We can solve the first equation for \(y\):\(y = 3x - 9\).
By substituting \(y = 3x - 9\) into the second equation, we replace \(y\) with the expression, leading to an equation solely in terms of \(x\): \(5x + 7(3x - 9) = 1\).
This simplification turns the problem into one that is more straightforward to solve.

The elimination method is another algebraic technique that simplifies solving a system by eliminating one variable. This method is usually more appropriate when the coefficients before variables allow easy elimination, often through addition or subtraction.
Here's how elimination works:

• Line up the equations so they are in a similar form, typically with \(x\) and \(y\) terms on one side and constants on the other.
• Multiply one or both equations, if needed, to get opposite coefficients for one variable.
• Add or subtract the equations to eliminate one variable, simplifying the system to a single equation with one unknown.

For the equations \(3x - y = 9\) and \(5x + 7y = 1\), elimination isn't the first choice as neither variable can be easily eliminated without multiplying both equations. However, this method can be helpful when the coefficients are set for easy addition or subtraction.

In solving systems of equations, algebraic techniques like substitution and elimination are key tools.

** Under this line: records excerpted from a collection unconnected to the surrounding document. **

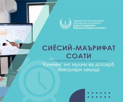 Давлат хизматини ривожлантириш агентлиги томонидан ҳафтанинг ҳар жума куни ташкил этилаётган сиёсий-маърифат соатида Чортоқ тумани ҳокимлиги ходимлари ҳам иштирок этиб келишмоқда.
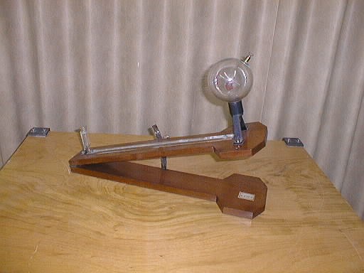 | Descrição: | Este instrumento é uma espécie de termómetro de ar formado por um globo de vidro unido a um tubo capilar ligeiramente inclinado e que termina num tubo vertical de maior diâmetro. No globo de vidro existem guarnições metálicas, entre as quais se coloca o arame por onde se vai fazer passar a descarga. Enchendo de um líquido colorido o tubo capitar e ligando as guarnições metálicas com as armaduras de um condensador ou máquina eletrostática, o calor libertado pelo arame dilata o ar e determina o aumento da pressão, que se mede por a descida da coluna líquida. |
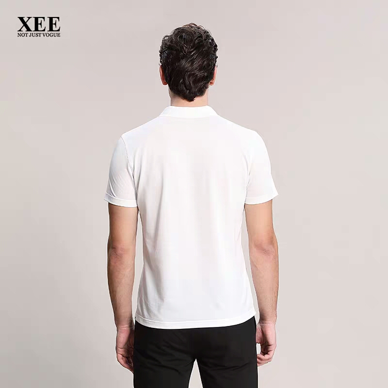 XEE商场同款都市欧美白色POIO衫百塔简约翻领短袖男T恤
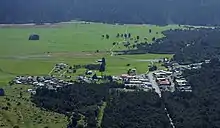 Bruce Bay is 46 km (29 mi) to the south-west of the village, and Franz Josef / Waiau is 23 km (14 mi) north-east. State Highway 6 runs through the village.[3][4] The village is 6 km (3.7 mi) from the eponymous Fox Glacier, and a similar distance from Lake Matheson.[5]

These methods allow us to handle systems by focusing on either isolating variables or eliminating them altogether.
Algebraic techniques are not just limited to simple substitution and elimination. They often include strategies for simplifying complex expressions, finding least common multiples for easier elimination, or using matrix operations in larger systems.
Some tips for effective use of algebraic techniques:

• Always simplify equations whenever possible, which makes subsequent steps easier.
• Check initial equations for opportunities to easily isolate or eliminate variables.
• Remember to verify your solutions by substituting values back into original equations.

The beauty of algebraic methods is their flexibility. Whether you're using substitution or elimination, keeping these techniques and tips in mind can make solving systems of equations more intuitive and manageable.